### Task to carry out
Go through the lines below and repeat each one exactly, skipping pictures.

### Data provided
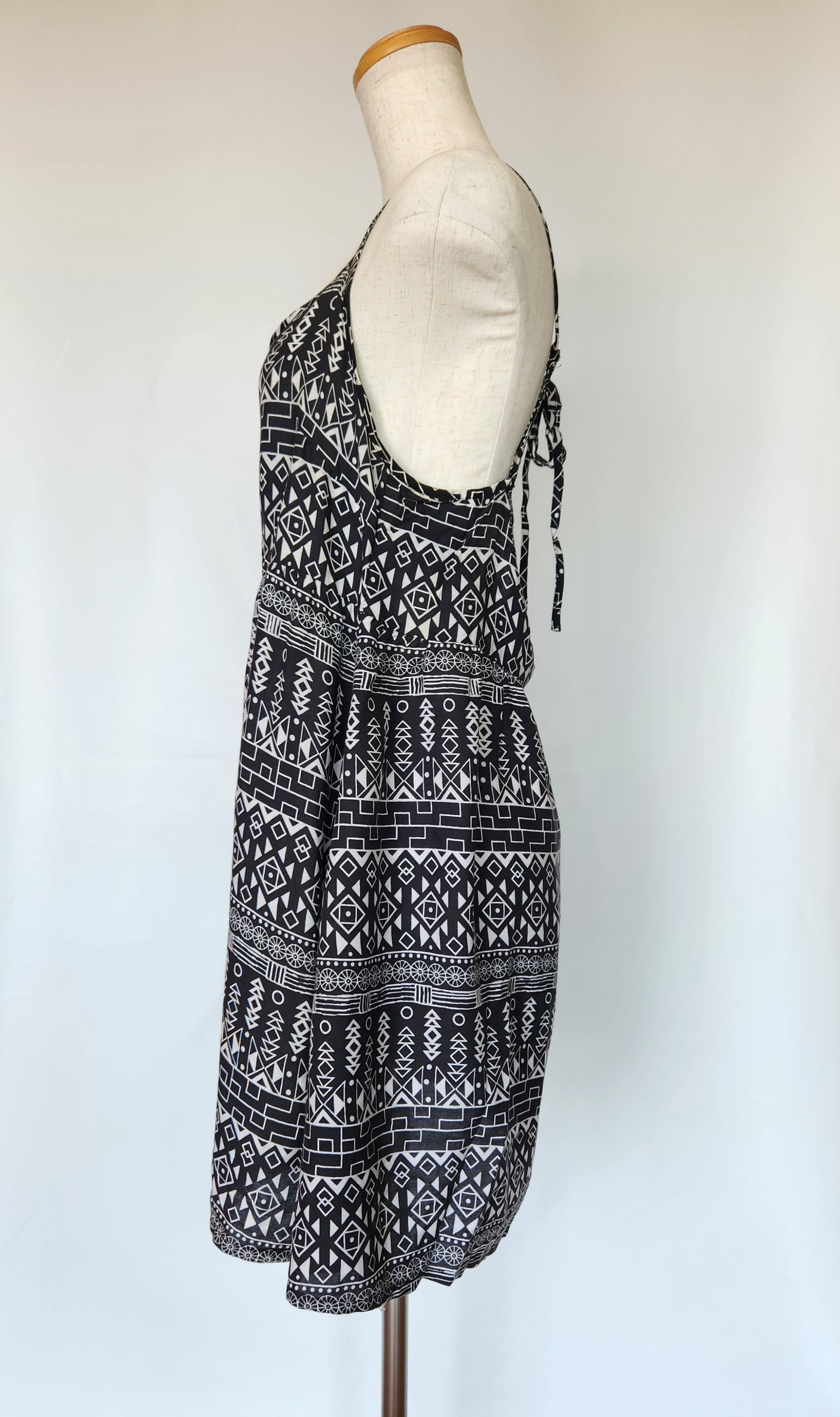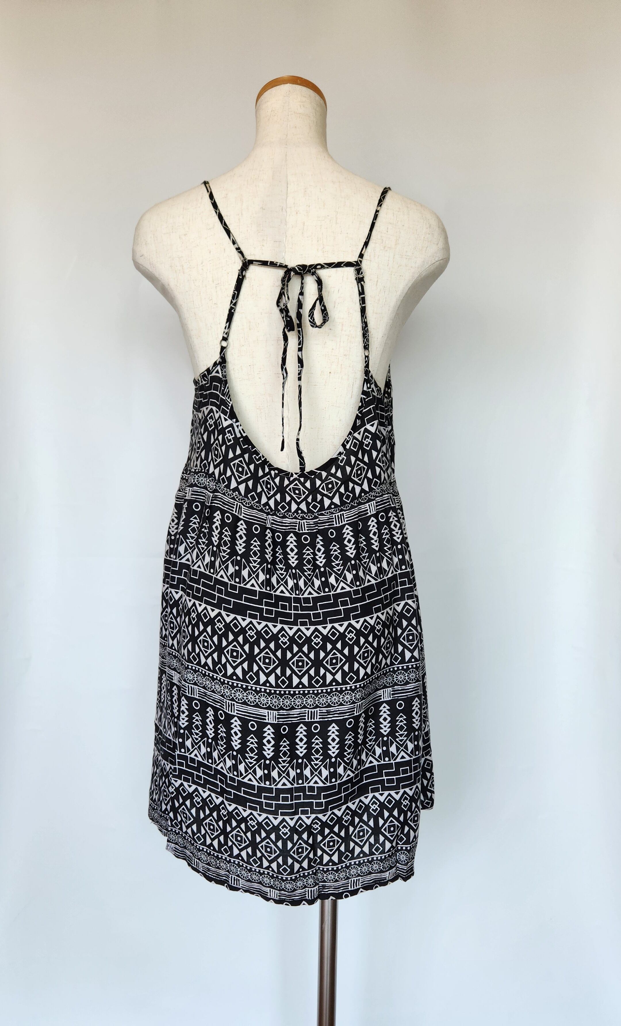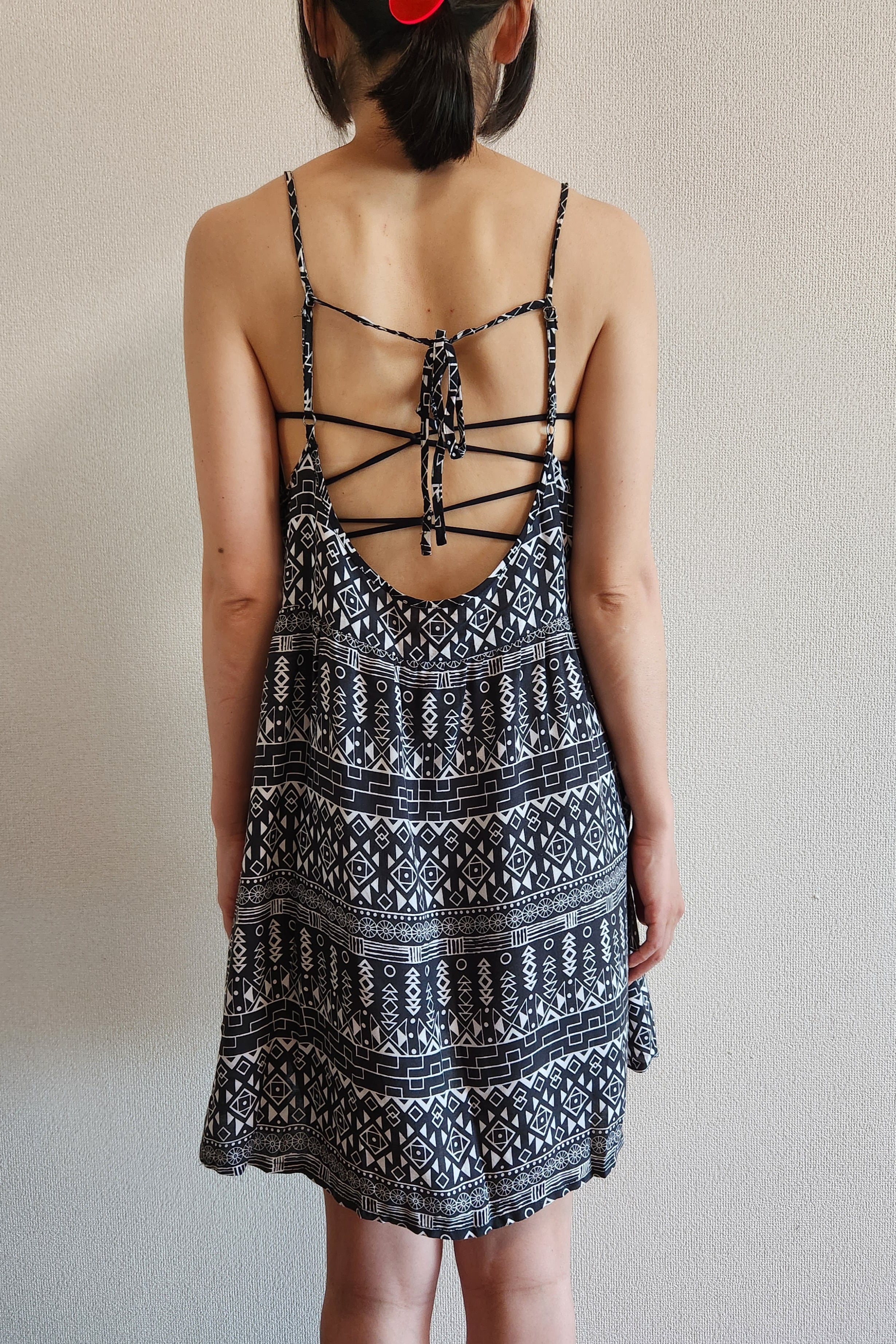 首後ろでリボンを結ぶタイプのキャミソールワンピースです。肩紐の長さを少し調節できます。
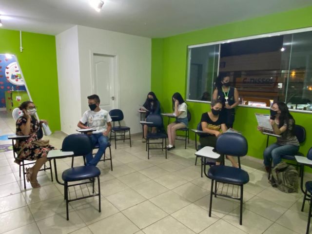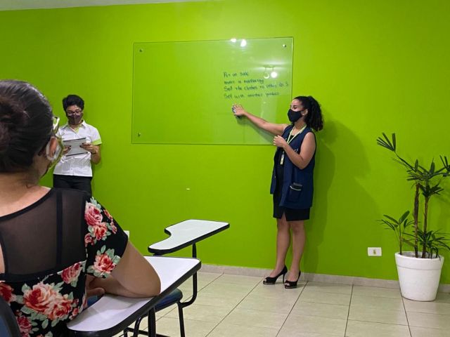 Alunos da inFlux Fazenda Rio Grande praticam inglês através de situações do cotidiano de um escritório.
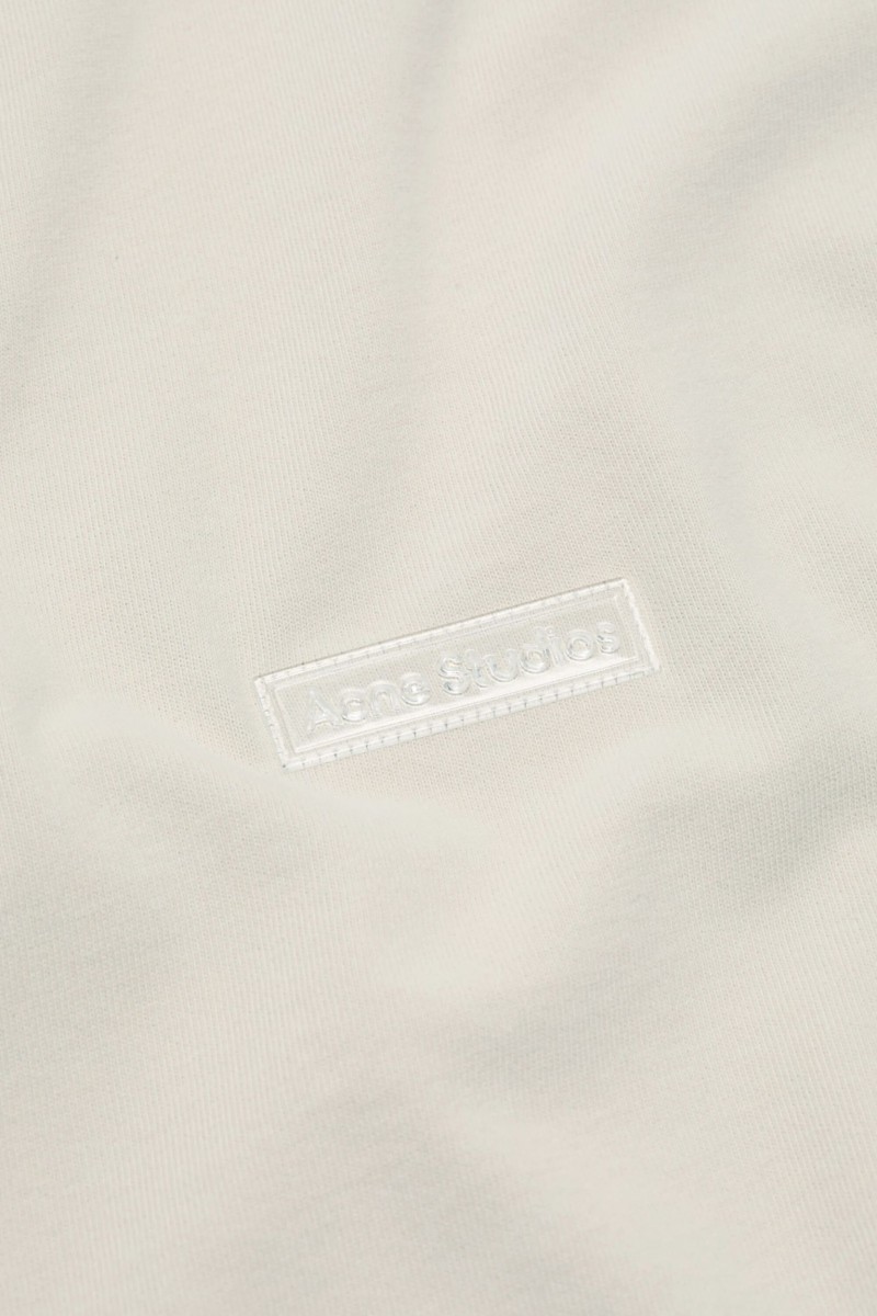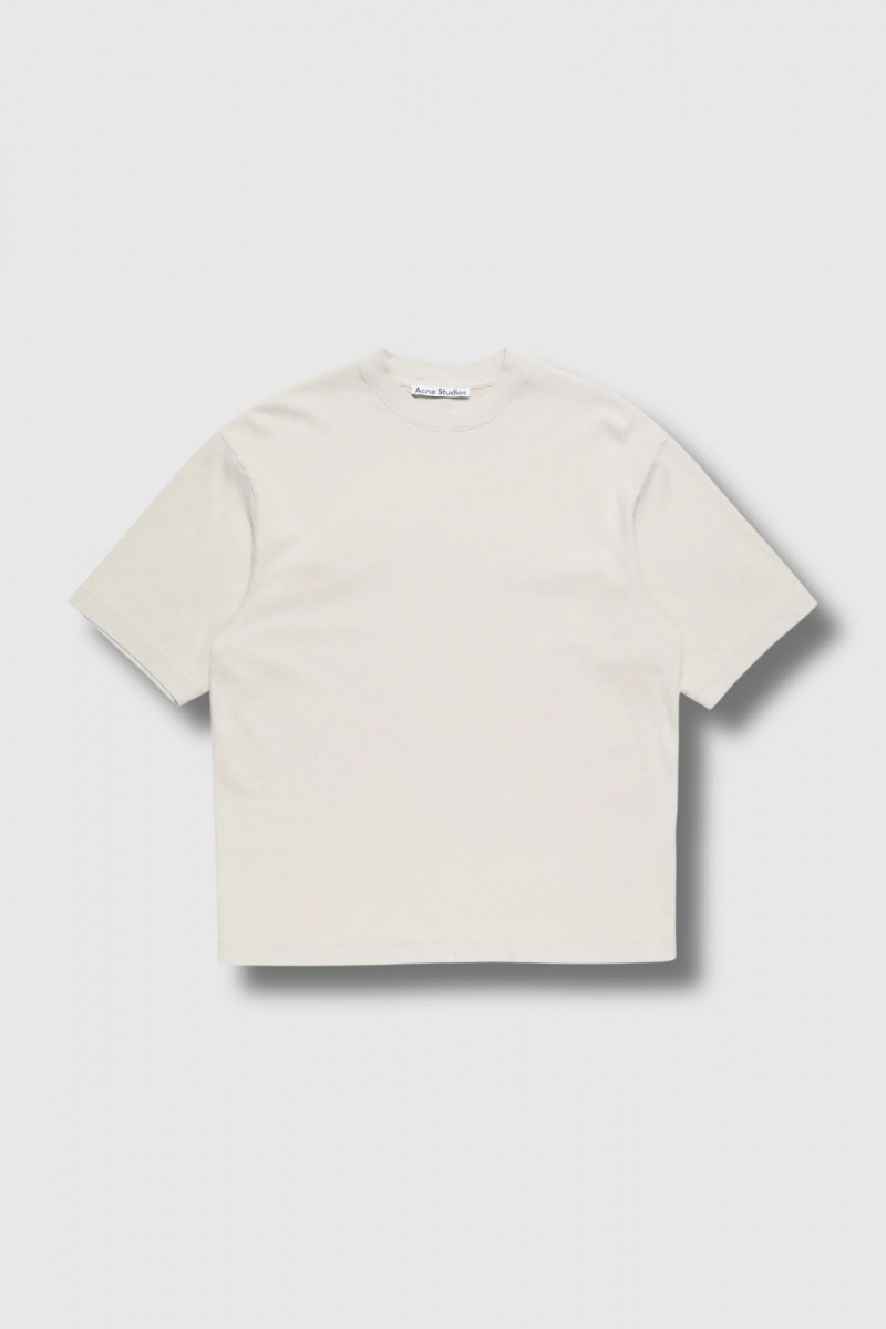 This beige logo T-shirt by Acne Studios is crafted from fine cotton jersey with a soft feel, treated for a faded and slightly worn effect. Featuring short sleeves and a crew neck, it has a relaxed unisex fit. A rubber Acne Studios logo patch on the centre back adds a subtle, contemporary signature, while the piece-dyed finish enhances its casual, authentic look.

### Task answer
 首後ろでリボンを結ぶタイプのキャミソールワンピースです。肩紐の長さを少し調節できます。
 Alunos da inFlux Fazenda Rio Grande praticam inglês através de situações do cotidiano de um escritório.
 This beige logo T-shirt by Acne Studios is crafted from fine cotton jersey with a soft feel, treated for a faded and slightly worn effect. Featuring short sleeves and a crew neck, it has a relaxed unisex fit. A rubber Acne Studios logo patch on the centre back adds a subtle, contemporary signature, while the piece-dyed finish enhances its casual, authentic look.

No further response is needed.